In my last column I wrote about the many barriers to successfully integrating campaigns across agencies and/or departments. Much of your feedback centered on the question, “What can we do today to make this happen?”

There’s quite a bit we can do in the absence of broader solutions discussed in the previous column. What we can do right now is some of the most important work of all: build and develop relationships with our colleagues in other departments, other agencies or other client business units. I’ll provide some real life examples and scenarios to help us all become more effective integrators.

Conventional wisdom says general agencies are the overall steward of the client’s brand, and therefore are the ones with their finger on the pulse of all client activities and initiatives. This is true in most cases. It’s certainly true the general agency of record (AOR) is the steward of the brand and defines how all other service providers should represent that brand.

We often find the AOR is so focused on general advertising, it doesn’t have relationships across key business units that wield significant influence on a brand’s overall marketing plan. For example, one client has individual business units responsible for verticals such as promotions, trade, NASCAR relationships, altruistic/non-profit ventures (e.g., literacy), and more. These units play a significant role determining how dollars are allocated within a brand marketing plan. They’re impacting decisions at the marketing budget level, not farther down the road at the advertising budget level. In a business where dollars can be hard to come by, these are people to know.

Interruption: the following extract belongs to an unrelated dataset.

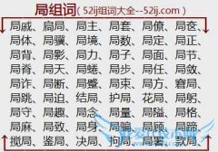 组词大全详解[局组词]如:局戚、扃局、局主、局套、局僚、局奁、局体、局骥、局境、局数、局定、局正、局背、局影、局力、局子、局面、局节、局脊、局天、局蜷、局步...
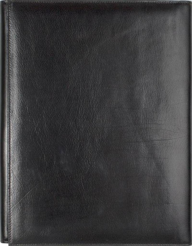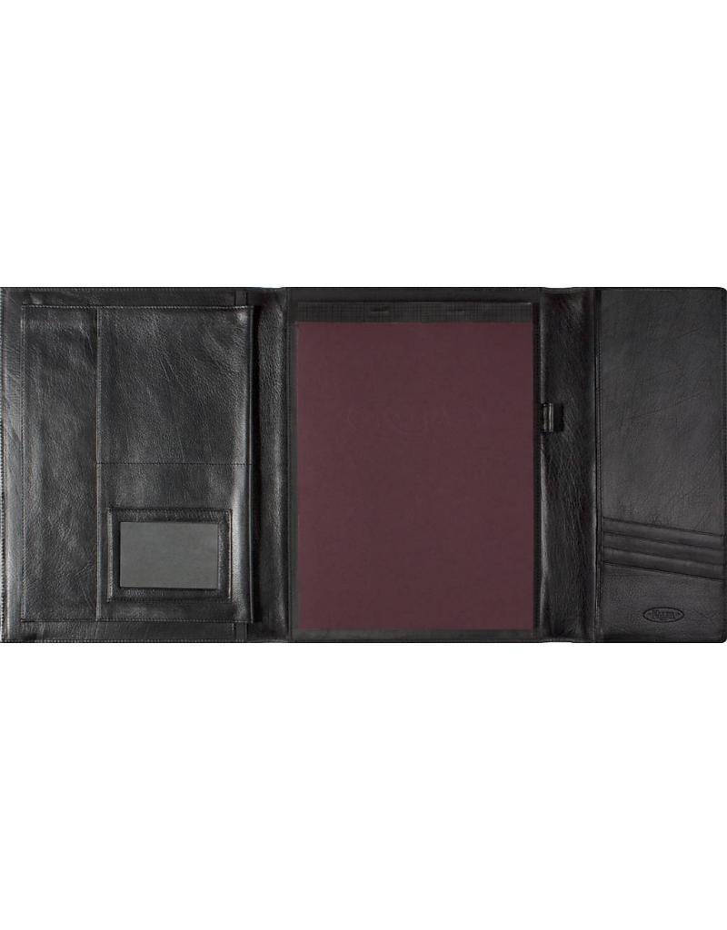 Prachtige stijlvolle zwart lederen A4 schrijfmap; wordt geleverd met een gratis schrijfblokmet ongelinieerd crème-kleurig papier. De map heeft ook extra opbergvakken.

We’ve been fortunate in most cases to have our direct client both encourage and facilitate our getting in front of key groups outside advertising. We’re able to learn a great deal more about the entire scope of our client’s marketing operation. When sitting down with the general AOR to discuss the client’s business issues, we know significantly more about the company’s ancillary activities than the general agency does. It puts us in an integrator position.

This is the position we all want to be in. We’re able to communicate details of many disparate programs to key stakeholders, and take part in planning how we can make them work together. This not only occurs when we speak with the general agency, but when we meet with the other business units. For example, the NASCAR team may not be aware what the brand plans to do online. They may be interested in exploring how the Internet can support their NASCAR initiative.

We can help bridge that gap and get everyone working on the same page. In doing this, we create opportunity for ourselves and help move our client’s business in the right direction. This is made possible through building relationships. I’ve often thought the people who make the most impact in an organization are those who are effective relationship builders.

The same dynamic can take place across agency departments or across separate agencies when asked to integrate. We’re often asked to work with general agencies. As detailed in the last column, financial incentive is not always there. The challenge is to make it work in the absence of incentives.

We’ve been successful through building and growing relationships with our agency counterparts. You can put a great deal of work into this without immediate reward. In most cases, success does eventually come.

We try to make our offline counterparts smarter about what’s happening on the Web. They can take that knowledge to the client and look good. This can be as simple as having a brief conversation every week or so. Find out if they have a client meeting coming up, and what they hope to accomplish. Then, pass along a nugget or two they can use in the meeting to present a broader view of the business — that includes the Internet. Perhaps it’s information on what a competitor is doing online, or a new industry trend that impacts the business. If you recently got a scoop on what the NASCAR team is planning, share it. Ultimately, these favors win you favor, and open doors for you and your agency.

As media professionals, we’re in the relationship business. Most of us may think about them only from an agency-vendor perspective. Take a step back. Think about how a really good working relationship with the AMD (or planner, or account supervisor) at the general agency would affect your part of the business. How building a rapport with the client’s promotion director would help you see (and act on) a broader client picture. Then, go make it happen. As an online media professional, you can be the integrator who’s missing from the equation.